A lot will depend on your application also. 

If you are going to build small glow ignition IC engines, that is less than 2.5 cc, then 12L14 will probably be adequate for everything except maybe cams and cam followers that you will want to harden if you expect to run a lot. I use 12L14 for cylinder liners using cast iron pistons with no wear problems, but I have probably never run an IC engine more than 10 hours. However, some commercial engines have used 12L14 for liners. 

For hit or miss engines, 12 L 14 is adequate for everything. That's all that I use for everything, including gears.

If you are going to build an inline 4 cylinder engine with a one piece crankshaft, 12L14 will warp some on you, but it is not a terrible job to remove the warp, and the warping can be reduced a lot by taking a skim cut of 0.02 inch off the outside before you start the main machining. Most of the stress is in the skin of cold rolled. For this application 1144 is much nicer, but I find that it is more time consuming to machine the crankpins than it is to straighten the 12L14. 

One other consideration is that 12L14 is more forgiving of cutting tool geometry than any of the others. This may be of importance to you if you have limited lathe tool grinding experience. 

Last item is about availability. 1018 is easy to find any where. 12L14 is the most common used screw machine steel and frequently there are ends available from screw machine shops. Most of the time there are 12l14 cutoffs on ebay at good prices. There is one company in eastern Canada that advertises cutoffs on ebay quite often, but I just looked and did not see any listing from them at the moment. I forget the name as I had no need to buy from him. 
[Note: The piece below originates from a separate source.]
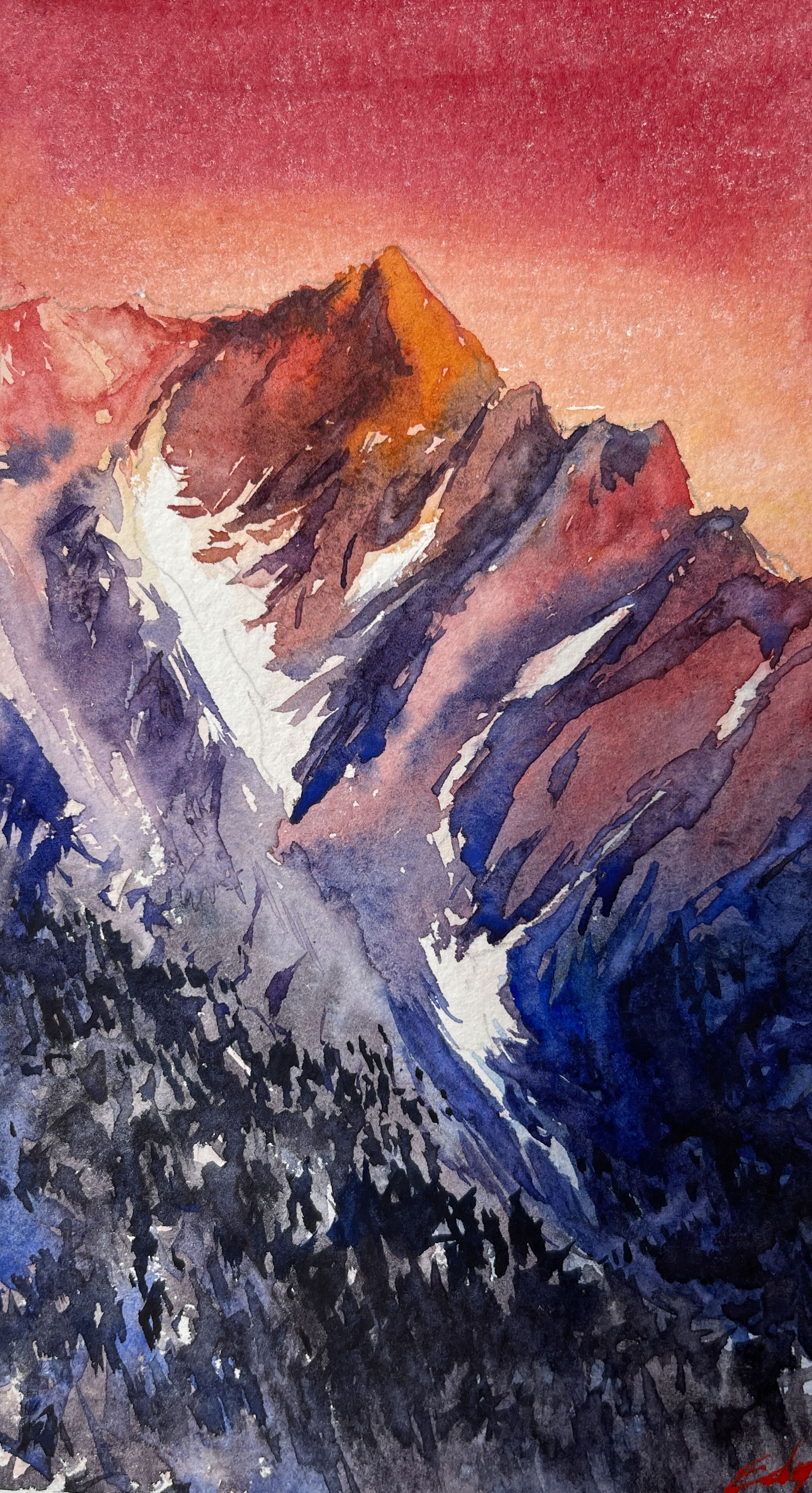 Los nevados son parte de mi día a día, he crecido viéndolos siempre, pintar este atardecer entre montañas con acuarelas hace que me conecte más con ellos. Lo que me ha gustado de esta obra es lograr la transición de colores cálidos a fríos, como se puede observar de arriba hacia abajo, así también con trazos rápidos los detalles de toda la obra.

Tell us a little more about what you are wanting to build and maybe one of us can help confuse you even more.

Gail in NM,USA


----------



## Mainer (Jan 2, 2009)

My favorite is 1144. Though 12L14 machines well, I've pretty much given up on leaded steel because of its amazing affinity for rust.


----------



## gmac (Jan 2, 2009)

Thanks for the reply's everyone. To answer Gail's question about what I'm building - I'm starting out with an Upshur Twin and a few variations of Upshur's hit and miss farm engines. Eventually want to build Ron Colonna"s Offy and L.K. Blackmore's Bentley BR2, but there'll be a lot of mistakes made between here and there! And some heavier equipment will need to be purchased. For the time being I'll build what the Taig will build.

I don't really have an interest in small model airplane glow engines so high RPM stuff is off the table. Replica demonstration engines that will see minimal run time are where my interests lie. 
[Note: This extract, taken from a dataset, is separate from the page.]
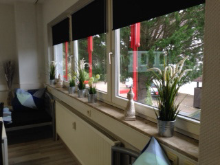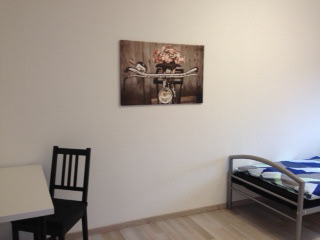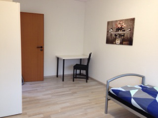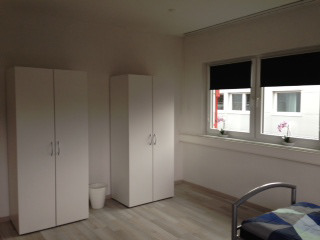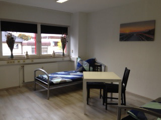 Die Wohnung befindet sich im I. OG eines Büroobjektes. Auf rd. 78 m² verteilen sich drei Zimmer (1/2/2 Betten), die für insgesamt fünf Personen ausgestattet sind. Die Küche und das Bad mit Dusche dienen der gemeinschaftlichen Nutzung. Die Wohnung kann zimmerweise oder auch komplett für z. B. Montagearbeiter angemietet werden. Möglich sind Wochen- oder Monatsanmietungen. Die drei Schlafzimmer sind jeweils mit einem bzw. zwei Betten ausgestattet. Zu dem Mobiliar gehören weiterhin ein Tisch mit Sitzmöglichkeiten sowie ein Schrank pro Person. Jedes Schlafzimmer ist zudemmit einem eigenen Fernseher ausgestattet. Alle Zimmer sind neu möbliert. Rauchen ist in den Gemeinschaftsräumen sowie auf den Zimmern nicht gestattet.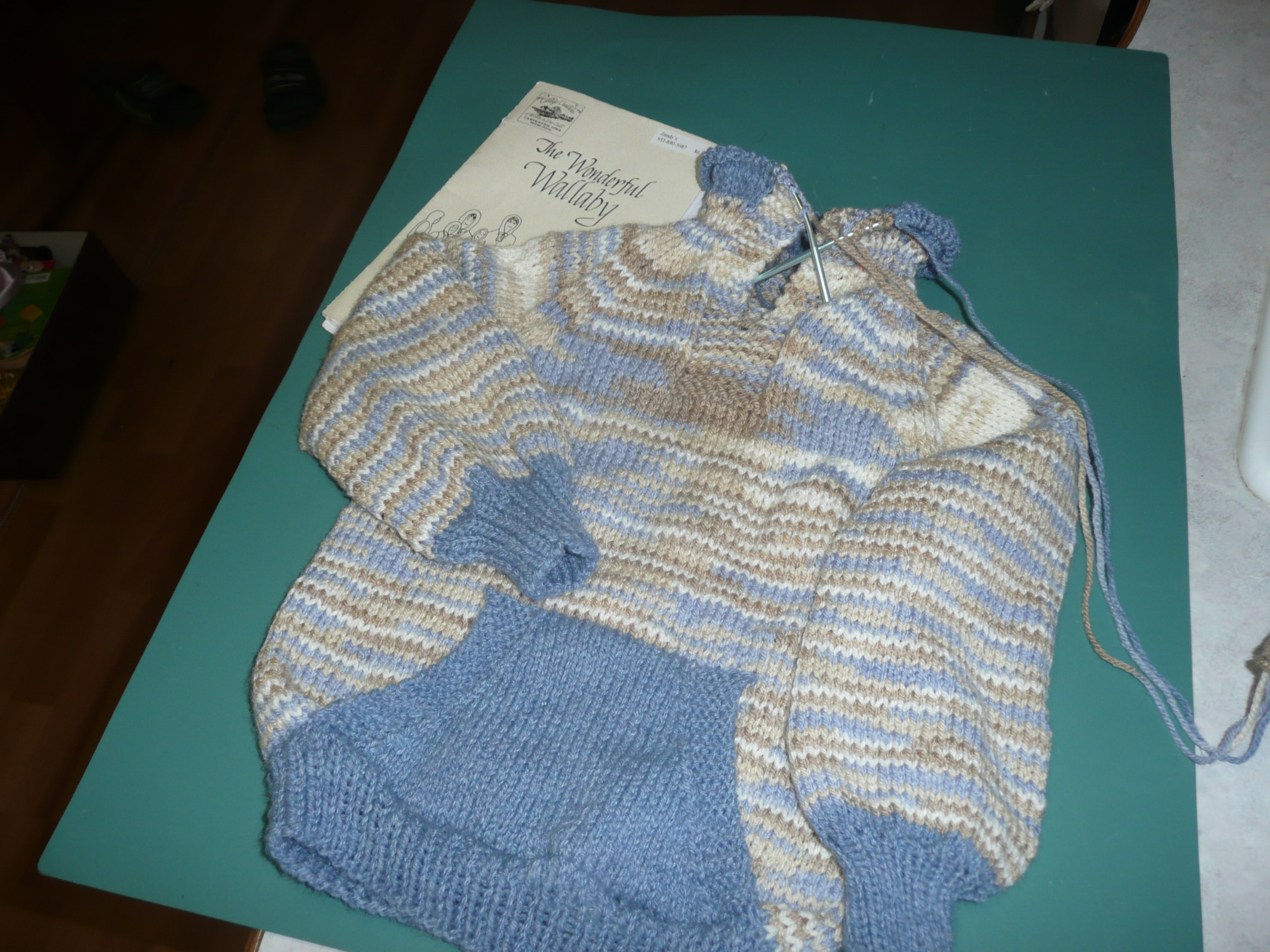This is “The Wonderful Wallaby” by Cottage Creations. I’s like a sweat shirt knit from the bottom up, only seaming is at the top of the hood and a few stitches under the arms. So easy! My grandsons love them. Usually I make the sweater all one color, thought I’d try accents this time.

Any and all input much appreciated.
Thanks
Garry


----------



## shred (Jan 2, 2009)

FWIW, Taig uses 12L14 for most of the steel parts and accessories on the Taigs themselves. I've turned 1" 12L14 on mine and it's cut well. I've not tried 1144 however.


----------



## David Morrow (Feb 5, 2009)

gmac, have you tried the Metal Supermarket ? I just checked and it looks like they probably have most steels that are needed for our sorts of projects. They have locations in Burnaby & Langley. I've bought brass from the Burnaby store -they actually brought it in from Langley for me. They're a bit east and south of Brentwood mall.
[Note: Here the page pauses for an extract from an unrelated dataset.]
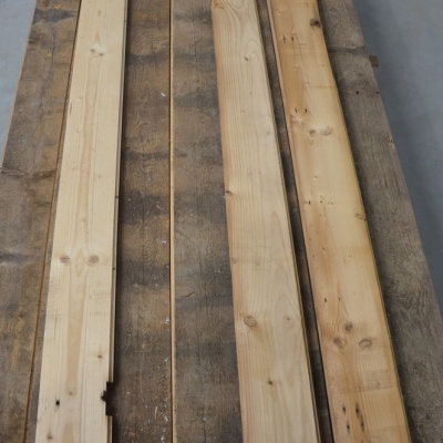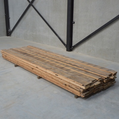 Deze planken worden gezaagd uit oude balken die Destijdsch uit oude sloopwerken haalt. De balken worden ontspijkerd en vervolgens gezaagd tot planken. Aan de lange zijdes zit een mes en groef. In feite zijn het dus nieuwe planken geworden, maar met het karakter van een oude plank. Zo zie je her en der spijkergaatjes en mooie scheurtjes. De planken zijn eenvoudig te leggen in een vloer of te gebruiken als wand of plafond.

The web site shows 1045 in flats & round as well as most of the others mentioned above.

http://www.metalsupermarkets.com/MSC-storefinder.aspx?map=CAN&REGION=BC


----------



## gmac (Feb 5, 2009)

Hi David;
I've ordered several times from Metal Supermarket. However; despite what the website lists as available, their inventory can be a different story. I've learned that I need to go online and request a quote on price/availability after which they fax me a quote and iterate the order a second time. Also confusing is the three or four store locations in Vancouver Metro - at times I don't know if something is not in stock at Langley but available elsewhere or not in stock (BC) period. I've requested quotes from different stores but had them all get funneled back to the Langley store...so....?

All that said they do provide great service - no problems ordering a foot of this, 4 inches of that, they take Mastercard and ship fast and at fair shipping prices (given my location). In my case I have them ship Greyhound and pick up at the depot.

After I posted here I ordered some 12L14 from them, unfortunately C1144 is only available in metric sizes with very limited range and only as ground and finished (premium price - Online Metals is much cheaper for C1144). Bearing bronze and cast irons are only available in large diameters and/or large quantities so I continue to search for sources for these metals.

Vancouver Metals Ltd in North Van (no min. order) looked promising but they've never responded to e-mails. Terra Nova Steel (Edmonton) carries a wide range of bronzes and cast irons but the cast irons have a min. dia of 2.00in, bearing bronze 0.5in min and some of the other bronzes are large min orders and long lead times.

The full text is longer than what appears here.